◆ Work order
Repeat the data exactly, leaving out any image.

◆ Stored data

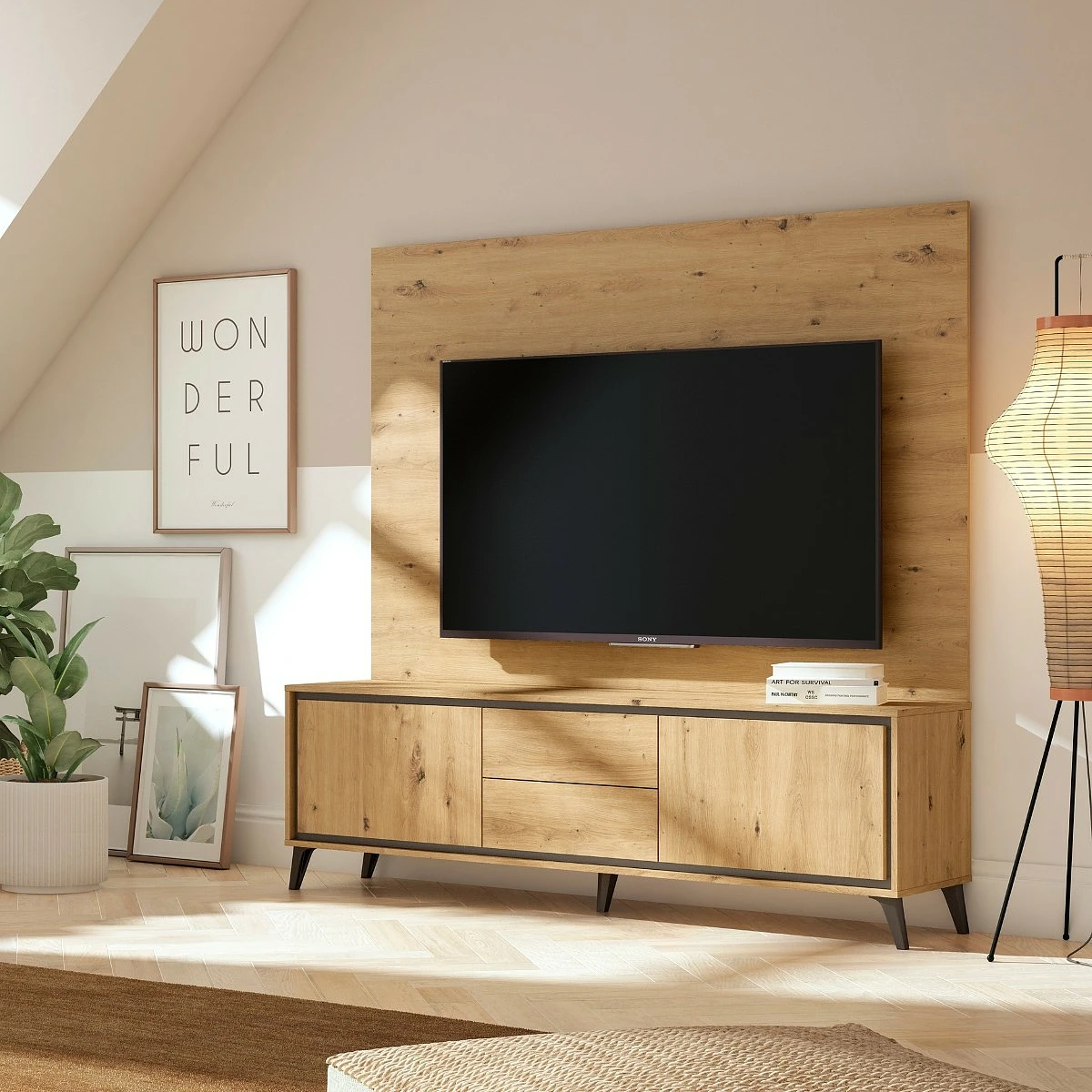 La trasera de TV en madera refuerza la presencia visual del televisor, lo convierte en un elemento decorativo más y protege la pared. El conjunto funciona muy bien en espacios abiertos, salones con techos inclinados o zonas multifuncionales gracias a su diseño compacto y elegante.
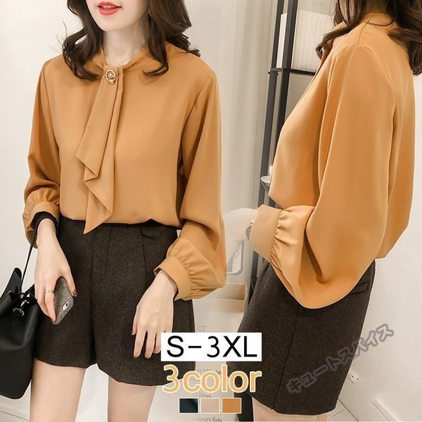 ブラウス シャツ サテンボウタイブラウス レディース
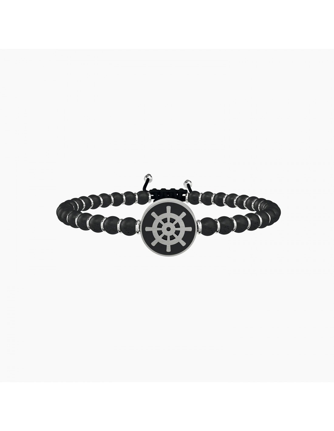 In mezzo alla tempesta c' un solo uomo al comando, l'ultimo ad abbandonare la nave. Bracciale con sfere in onice e piastra tonda Timone in acciaio di colore nero.

◆ Solution for this problem
 La trasera de TV en madera refuerza la presencia visual del televisor, lo convierte en un elemento decorativo más y protege la pared. El conjunto funciona muy bien en espacios abiertos, salones con techos inclinados o zonas multifuncionales gracias a su diseño compacto y elegante.
 ブラウス シャツ サテンボウタイブラウス レディース
 In mezzo alla tempesta c' un solo uomo al comando, l'ultimo ad abbandonare la nave. Bracciale con sfere in onice e piastra tonda Timone in acciaio di colore nero.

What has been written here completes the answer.